One of the most difficult things about being a lawyer is living in the gray. There are many reasons why we live in a field predicated on uncertainty and that can make things stressful.


Changing Laws and Regulations


One area in which I practice is cannabis law. The only consistent thing about this realm is that it is always evolving. A lawyer can provide guidance one day and that guidance could be outdated by next week.


Different Interpretations


Laws and rules are often subject to interpretation. When it comes to something like a speed limit, there's not much to interpret but when the applicable law or set of rules is complicated, there is nearly always (if not always) room for interpretation.


Unpredictable Decisions


I'm sure many of you have had a client ask you something like this: "What are my chances of recovering something?" The problem with this question is that it is quite literally impossible to answer - there are many variables that go into determining the outcome, including, who the judge or arbitrator is. I often get the sense that people believe the law is an objective thing that can result in a definitive answer, but this is rarely the case. That is why litigation and arbitration exist.

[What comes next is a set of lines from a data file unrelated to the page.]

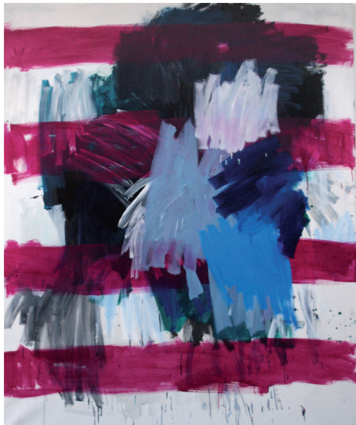
"The bride ship" Técnica: mixta sobre lienzo Año: 2012 medidas: 195 x 162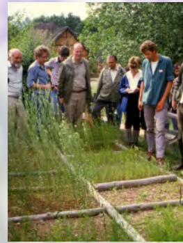
Ackerwildkraut-Beete im Freilichtmuseum Kommern (Eifel), 1984

In der bis November 2008 laufenden Machbarkeitsstudie wird nicht nur bundesweit nach geeigneten Flächen recherchiert. Darüber hinaus wird nach Konzepten und Strategien gesucht, langfristig die Finanzierung und Bewirtschaftung der Schutzäcker sicherzustellen.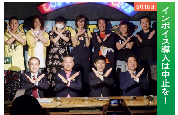
5月18日 インボイス導入は中止を!

軍事利用がねらわれる県営下地島空港、陸上自衛隊ミサイル部隊の配備など「要塞化」が進む宮古島。住民のみならずとも懇談しました。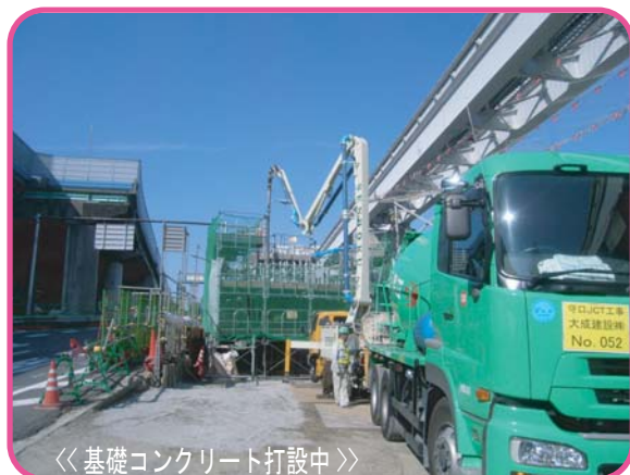
基礎コンクリート打設中

大阪中央環状線を規制し、直径5.5mの円柱状の基礎を地中に2.7m押し込みながら埋めていきます。工事は大阪モノレールに近接しているため、モノレールの橋脚を監視しながらの施工を実施しています。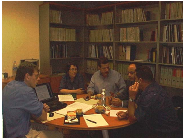
Formation à Barcelone mai-juin 2003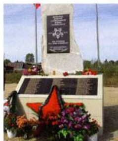
Памятник воинам, погибшим в годы Великой Отечественной войны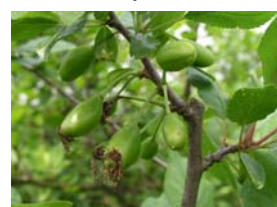
71 – narůstající semeník

Complex Facts and Disputed Facts


Legal issues often involve a complex set of facts. It can be difficult to ascertain the facts of the underlying matter - sometimes they are in dispute, sometimes they are unclear, and sometimes there is more going on than meets the eye. The whole "two sides of every story" adage makes a lot more sense after practicing law for a while. While I hear my client's side of the story, opposing counsel here's their client's side of the story and the degree to which those stories can differ is dramatic.


Diverging Case Law


One of the odd things you notice in practicing law is that case law is often inconsistent to a degree. This is one reason the adversarial nature of our legal system can be frustrating. Even if a majority of cases go one way, there are often exceptions based on specific factual distinctions between cases. This means that both sides in a matter often have - at least - reasonable arguments supporting their position.


Given the uncertainty involved in practicing law (whether in litigation, statutory interpretation, or contract interpretation), one thing I try to keep in mind is that I am representing my client and while I may disagree with opposing counsel's view of things, if I were hired by the other party, odds are I would be making the same or similar arguments as opposing counsel. This is one reason that when opposing counsel huffs and puffs about being in the right, I point out that I am paid not to be convinced by their arguments, just as they are paid not to be convinced by mine. This also helps me better serve my client because it allows me to look at things more objectively and provide better guidance to my client.


Uncertainty is tough and lawyers live in a world of it. Acknowledging the gray area in which we often find ourselves can help reduce anxiety, and it helps me offer clients a more balanced view of the case - some clients may want you to "be the bulldog" and you can do that if you choose with opposing counsel, but when lawyers pretend there is no gray, they may find themselves overpromising and underdelivering.